While the notion of the hybrid model for retail and distribution is not new, Christine says it’s definitively moved from the domain of speculation to action.

“It’s unfolding right now in the market today,” she says. “We have e-tailers as well as parcel providers that are taking sites that specifically focus on last mile activities. There are pilot programs already taking place in shopping centres right now.”

CBRE has taken an active role – even prior to the pandemic – in consulting with asset owners on the hybrid course.

“We started working with one particular asset owner at the end of 2019, who saw a future where they felt they were potentially at risk of having underutilised space at shopping centres, and that the right way to futureproof their assets was to introduce logistics into those spaces,” Christine says. “While the conversation has picked up pace because of COVID-19, it was quite visionary for this owner to be thinking of this already in 2019. So, right now we have pilots underway to capture some initial learnings to make sure that when a network does roll out, it’s been fully tested.”

Christine says that CBRE’s Advisory Services group has developed a 13-point matrix to evaluate assets for their hybrid conversion potential.

“We’ve been brought on board by property owners and investors who specifically want to have their portfolios assessed from this perspective,” she says. “On behalf of a couple of investors we’ve run their assets through the matrix and been able to identify high potential locations. Now we are having discussions in cooperation with parcel providers and retailers to put together pilots in facilities that have been deemed as having high potential. Because not every shopping centre is the same when it comes to conversion.

“For the high potential sites we’ve identified, we’re now going through the process with asset owners to conduct pilots in those sites and capture some initial learnings and information before we run full-speed into a solution.”

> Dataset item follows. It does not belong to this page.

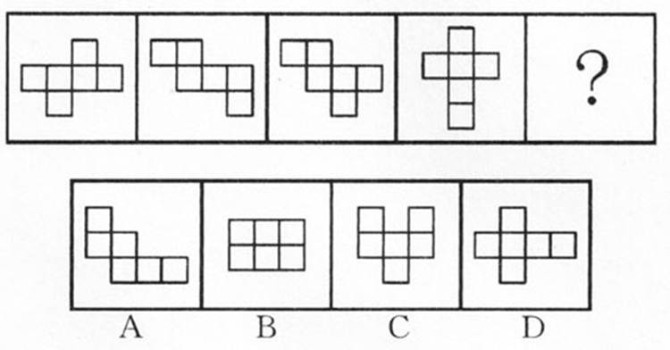 32. 从给出的选项中,选择最合适的一个填入问号处,使之呈现一定的规律性:

Christine says that this re-thinking of the retail-logistics locational network is an exciting development in the industry. “I think everyone in this space right now needs to be thinking about what the future looks like for them. It’s certainly not easy with lockdown conditions – and the industry is anxious to get a sense of what the post lockdown ‘normal’ looks like – but we will get there,” she says. ■

The opportunity to put logistics into shopping centres gives retailers options to serve customers in locations where they wouldn’t traditionally have a retail store. It allows for a fresh take by retailers to consider what their future network should look like. ”

Christine Miller, Head of Supply Chain Advisory – Pacific at CBRE.